We all make unrealistic health goals, full of stringent diets and rigorous workouts, which we conveniently show disregard for when he hit the snooze button for the fifth time every morning. It always shuffles to another Monday, another month and then another year, while we continue to replenish on our bad health habits. Maybe we try and take on too much while putting in the minimum effort? Let’s focus on taking baby steps while planning each day as it comes and curbing one doughnut craving at a time. With the fast-paced lives we live, the routine leaves us with almost no time and even when it does, we want to spend it leisurely. So, it all comes down to the efficiency with which you utilize each minute of your day, here are the 10 quick pro-health habits you can squeeze in your day without a hassle. It’s time you invest in your biggest priority, your health! and the shift has to be made now.
1) PLAN AND PREP YOUR MEALS IN ADVANCE
“Working adults have compact weekdays, here’s what you can do if you don’t want to eat outside every day. Prep your meal on the weekends and stash it so that you do not have to binge on junk during long working weekdays.”
2) REDUCE YOUR CAFFEINE INTAKE
“Put that cup down, and take notes. As much as we draw comfort from this divine beverage called coffee, it isn’t beneficial for your health in the long run. Apart from causing insomnia, its direct hazards include fluctuation in blood pressure and acidity. Limit your intake to one cup a day.”
3) STOCK AND INDULGE IN A HEALTHY SNACK
“The consumption of unhealthy products during the long hours between lunch and dinner is another majorly defective habit of this fast-paced generation. When you’re tempted to gorge on large fries and cookies, go for healthier alternatives instead. Healthy snacks do not necessarily have to be bad for your taste buds, indulge in better munchies like fox nuts, okra chips, dry fruits, chickpea salad and hummus to name a few.

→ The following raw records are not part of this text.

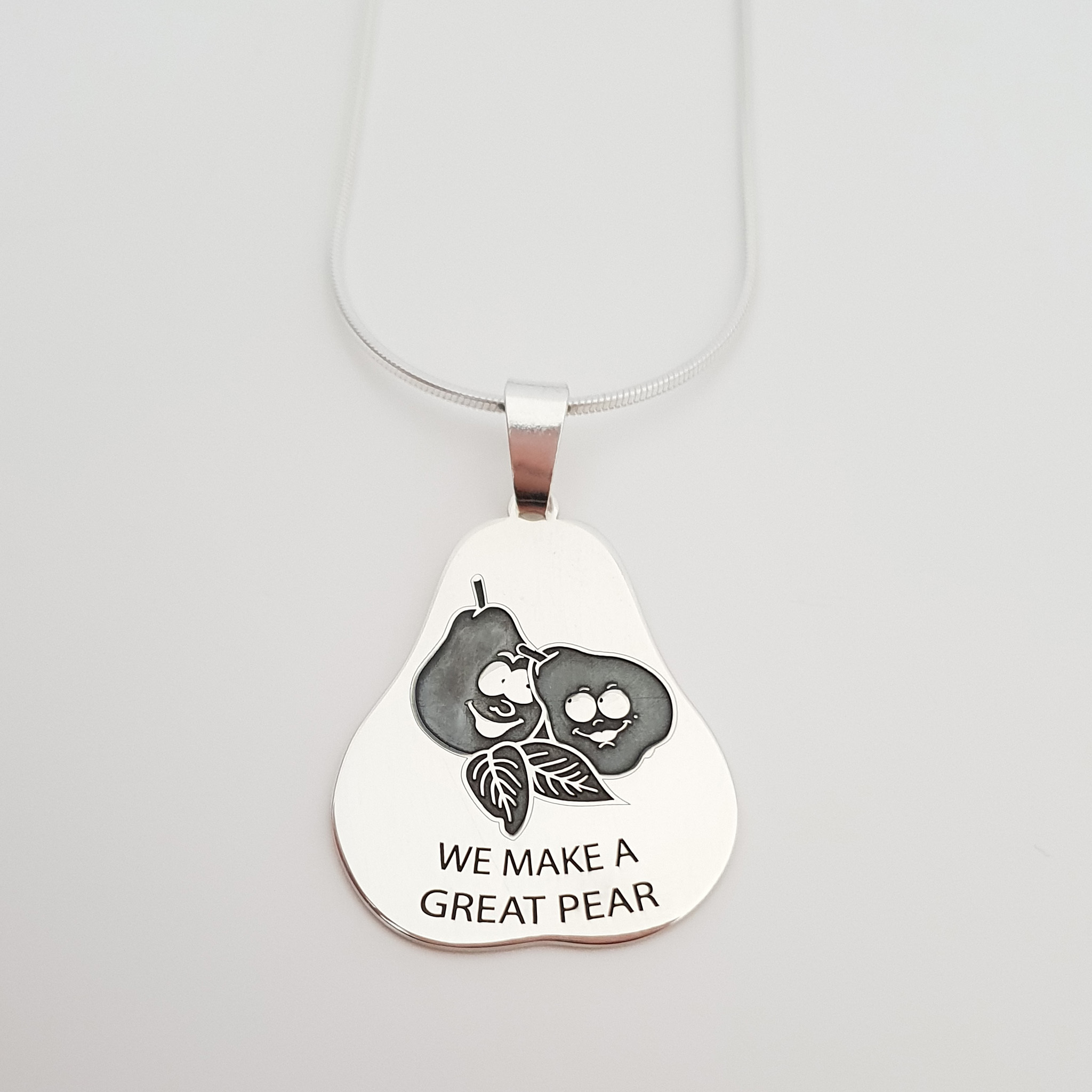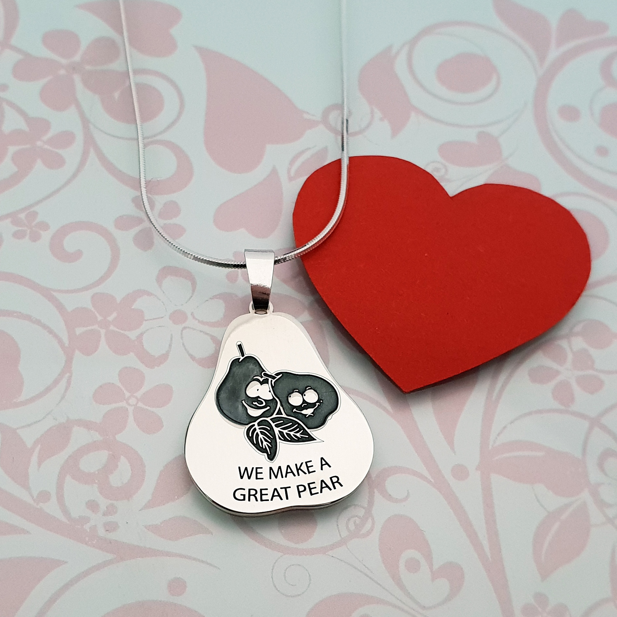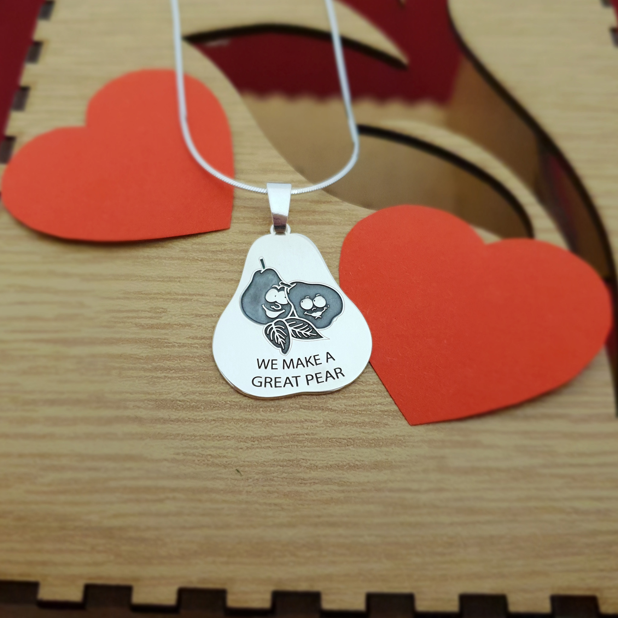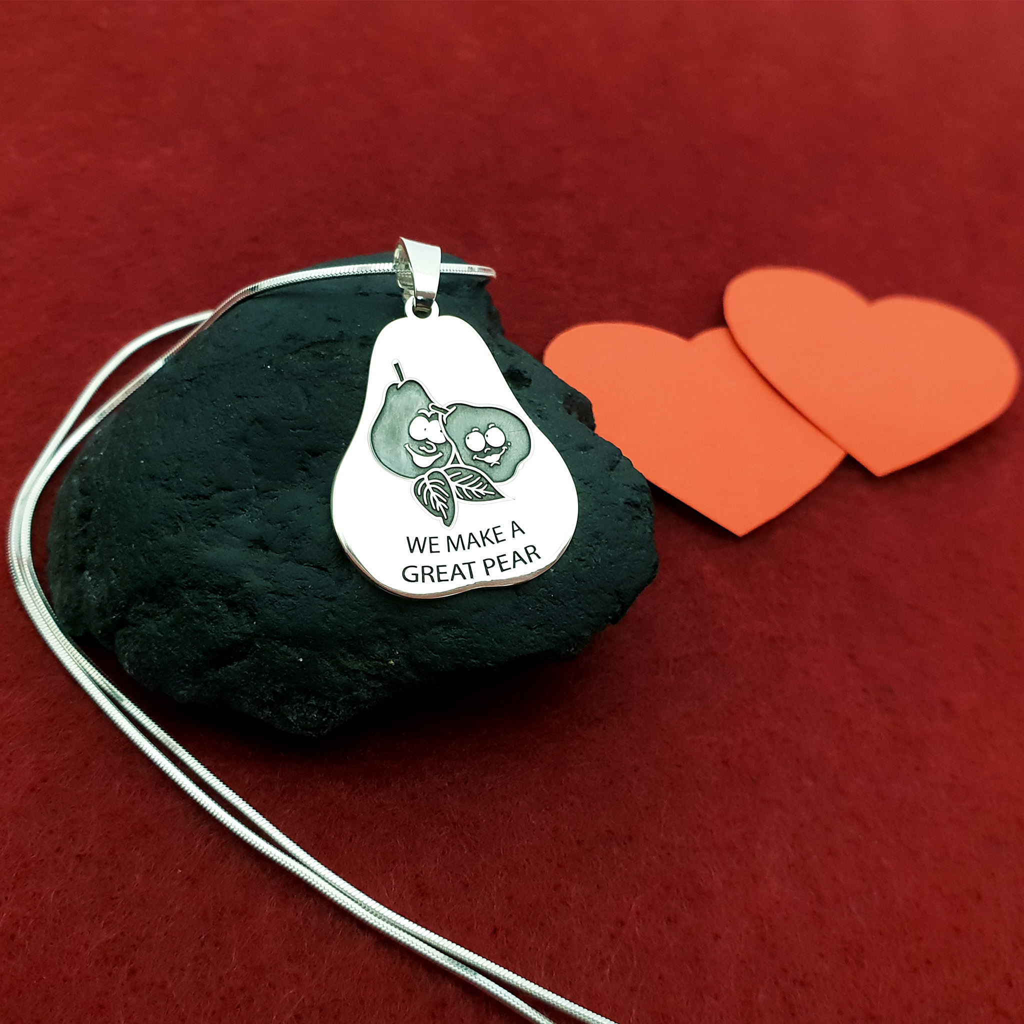 Un lantisor special creat din Argint 925 care infatiseaza doua pere fericite si un mesaj simpatic, fiind perfect pentru a-l oferii jumatatii tale.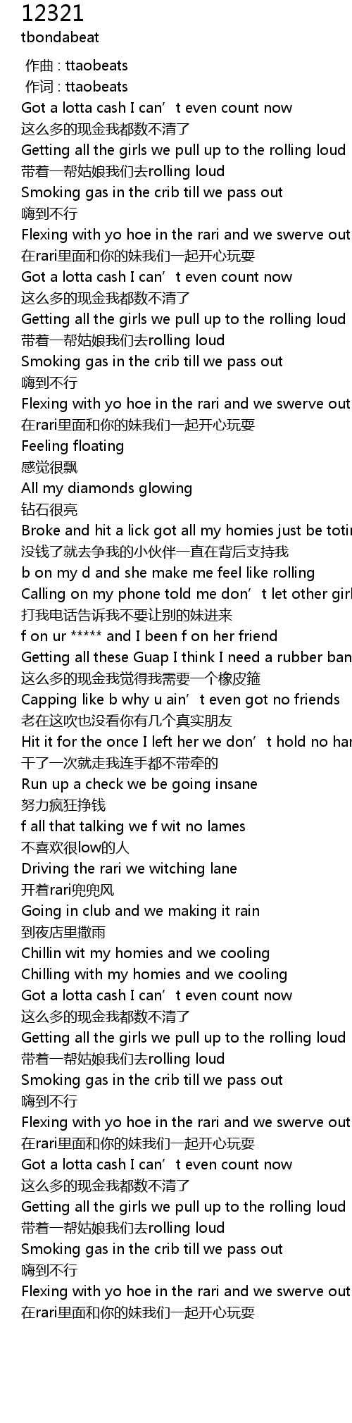 | [01:14.451] | Getting all the girls we pull up to the rolling loud |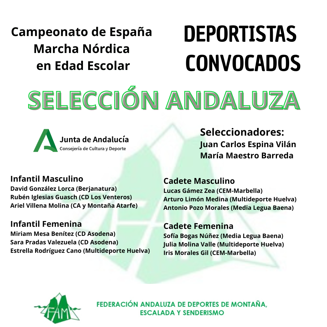 La Federación Andaluza de Deportes de Montaña, Escalada y Senderismo (FADMES) da a conocer la convocatoria de los deportistas seleccionados para el próximo Campeonato de España en Edad Escolar de Marcha Nórdica. Una convocatoria que forman 12 componentes, seis niños y seis niñas.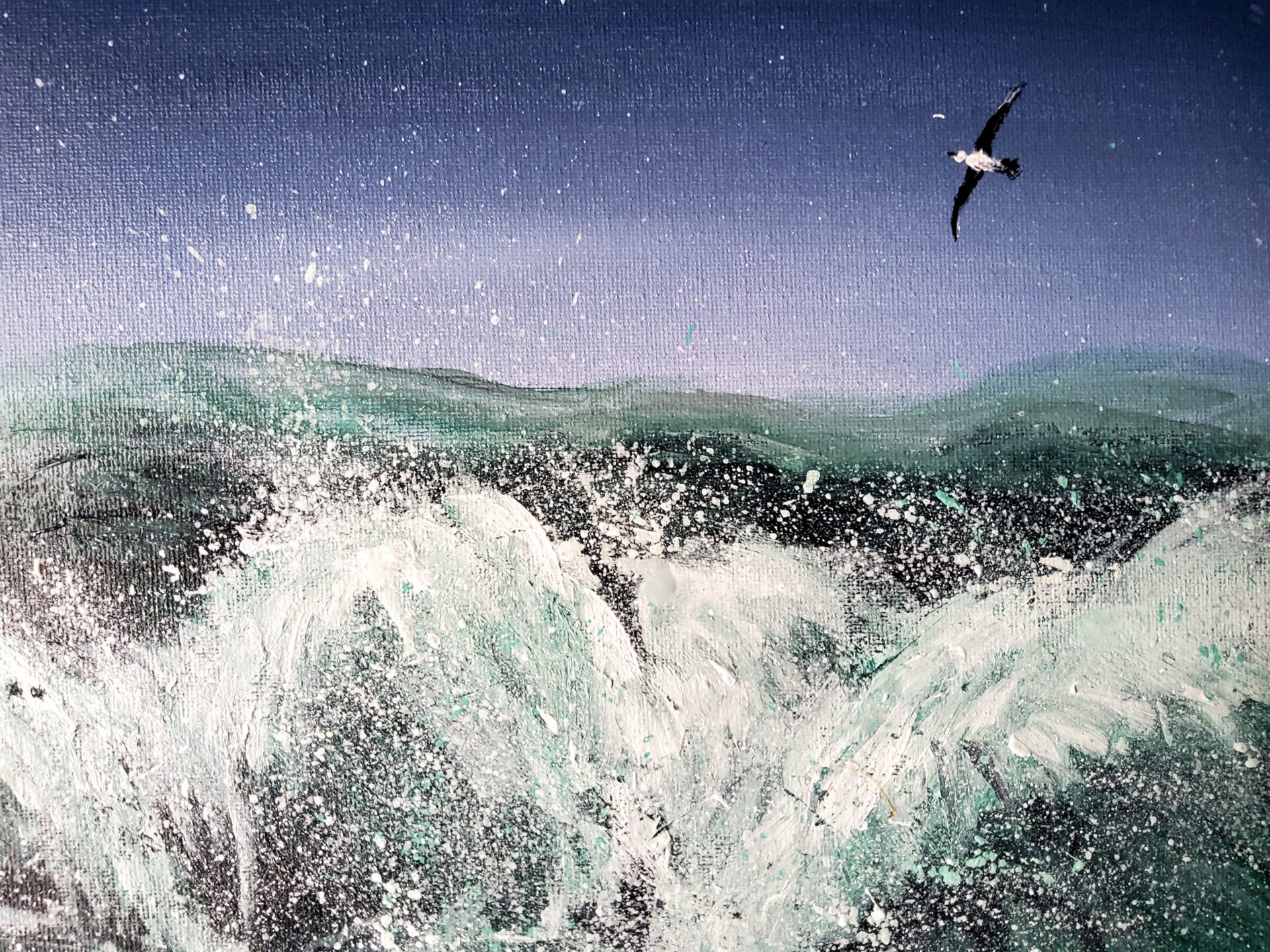 When I painted this dramatic seascape, I aimed to capture the raw energy and power of the ocean waves crashing against one another. The movement of the water, with its splashes and sprays, embodies nature’s unrelenting force and beauty. The deep blue sky above, dotted with stars and a soaring seabird, creates a sense of freedom and infinite possibility.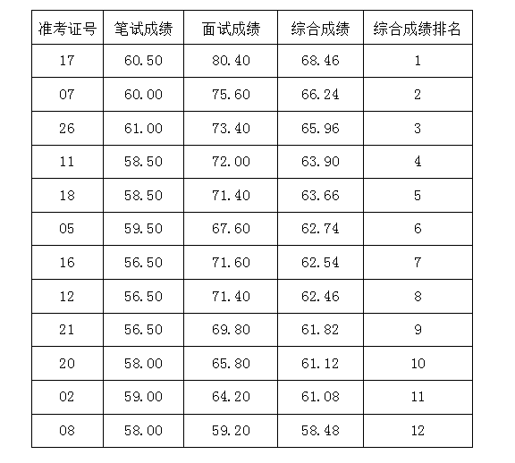 綜合成績排名前四的應(yīng)聘人員將進(jìn)入考察程序。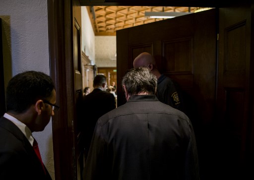 (File photo) Frenchman Jean-Claude Arnault (C) enters the court room at the district court in Stockholm on September 24, 2018, during the final hearing in his trial for rape and sexual assault, allegations that prompted the Swedish Academy to postpone the Nobel Literature Prize. (Photo by Jonathan NACKSTRAND / AFP)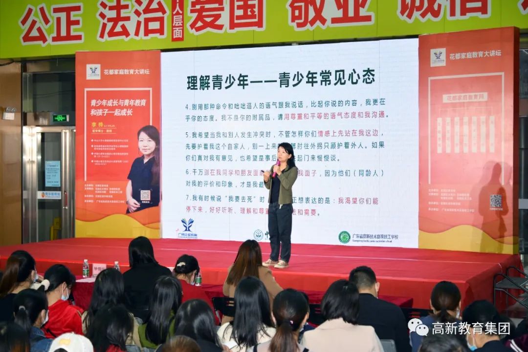 11月28日,由花都區(qū)教育局主辦,經(jīng)花都區(qū)文明辦、花都團區(qū)委、花都區(qū)婦聯(lián)、花都區(qū)關工委、廣州市家庭教育促進會等單位的全力支持,廣州高新教育集團旗下學校廣東省高新技術高級技工學校承辦的花都家庭教育大講壇第4講“青少年成長與青年教育 與孩子一起成長”在花都區(qū)南華教育城正式開講。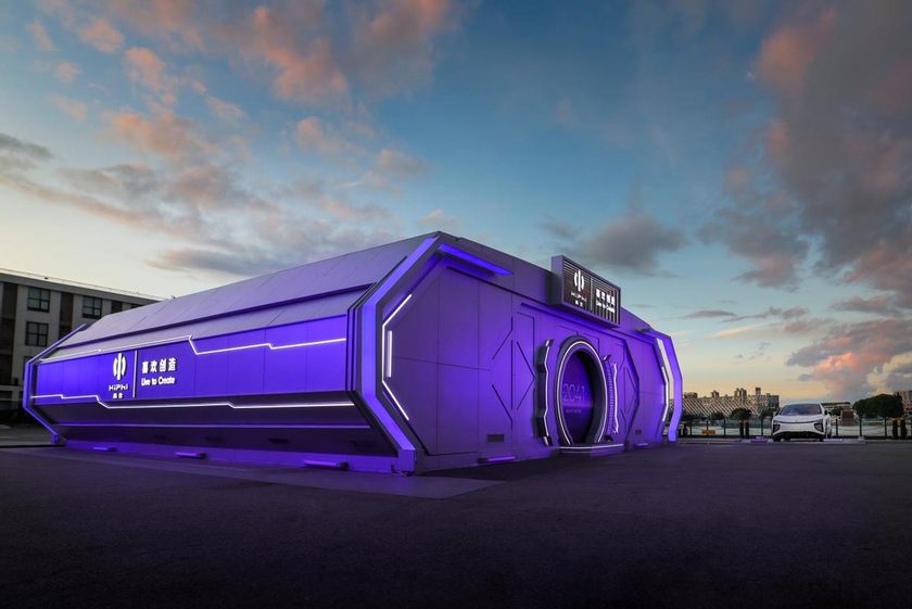 高合汽车带来的太空舱造型空间已经成为全新的网红打卡点。太空舱空间有着极其酷炫的造型,外观设计以2041超空间引擎为设计灵感,银灰色太空材质和星河紫品牌色能够充分融合,犹如一艘太空飞船。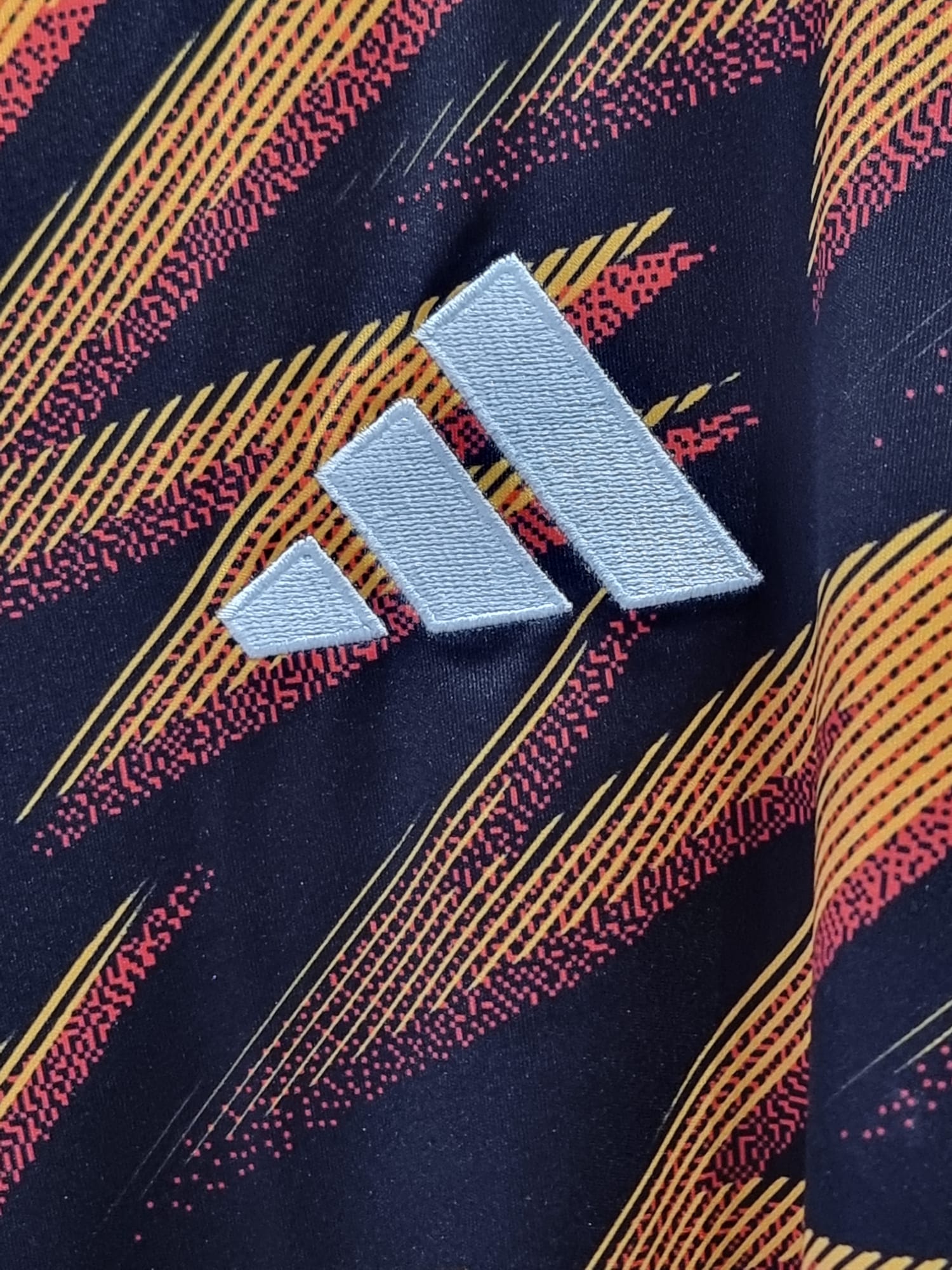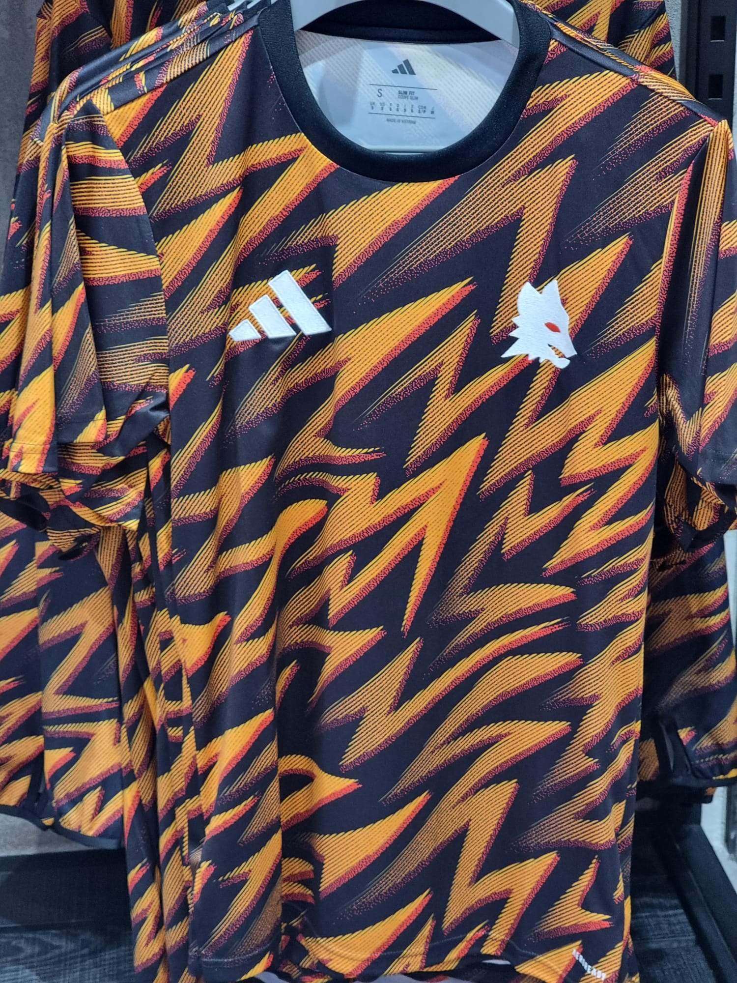 KIT PRE GARA - Oltre alla divisa da gara, la Roma ha presentato anche il nuovo kit pre-gara, che introduce un’estetica completamente inedita: una base nera, arricchita da sfumature gialle e arancioni, che conferiscono alla maglia un aspetto audace e moderno. Il design è completato da due elementi iconici: il celebre lupetto stilizzato, simbolo caro alla tifoseria, e lo stemma Adidas, partner tecnico del club.

Keep a stack for every time your hunger pangs strike.”
4) MAKE WALKING A PART OF YOUR COMMUTE
“This may sound extreme, but hear this out. Every day while commuting to work you can walk a part of your route. Well if you drive to work, you can always switch the elevator with the stairs, but if you don’t travel by car, you can make walking a part of your commute. Sitting at your desk continuously for long hours can be bad for your body, stretch your muscles, and take a small brisk walk every few hours to keep the movement going. Not only will it make you fitter, but it will also keep the mid-day lethargy at a distance.”
5) INFUSE DETOX WATER TO MAKE HYDRATION INTERESTING
“Chugging down regular water may seem like a tedious task to keep up, but internet’s obsession with detox water is a trend you can get on with. Detox water is basically infused water with natural flavours derived from fruits and herbs like lemon, ginger, cucumber and mint. Not only does it soothe your tongue it is refreshing and keeps you hydrated all day.”
6) SECLUDE 10 MINUTES FOR MEDITATION
“No matter how jam-packed your day is, exclude 10 minutes in the start or towards the end to meditate. It may seem unimportant but the benefits of meditation will set the tone of your day. With easy access to the internet, we have all the information at a click, all you need to do is quiet your mind and concentrate on your breathing. Cut off all those external worries and problems for those 10 minutes and channel in all the positive vibes that you can.”
7) CONSTANTLY STRETCH AND MOVE BETWEEN WORK HOURS
“Stop running your fingers on that keyboard and take regular intervals to stretch and relieve your muscles, when your body gets stiff; it’s a wakeup call to haul out of that chair and move. Stretch your limbs, ease your muscles and take a few rounds, it will also help you stay energetic through the day.”
8) IF YOU’RE RUNNING LATE PACK A BREAKFAST SMOOTHIE
“Breakfast is the most important meal of your day, skipping that will cause you more harm in the long run. Mornings are all about rushing out of the door and getting to work in time, so the easy hack is to prepare a power smoothie the night before, give it another quick blend with ice and you’re good to go. Recipes of variously flavoured power smoothies are easily available, from berries to veggies; you can have your pick.”
9) INTERVAL TRAINING
“If you cannot remove a chunk of your time throughout the day to indulge in a physical activity, break the session into two. Spend half an hour in the morning on the performing your asana, and go for a quick 30 minute run in the night to complete the session.”
10) KEEP YOUR SUGAR INTAKE IN CHECK
“As much as we love reaching out for those cupcakes during tea-time, try and minimize it just for the weekends. Sugar is basically a carbohydrate which later turns into fat, instead, make smarter choices and indulge in healthier snacks through the day.”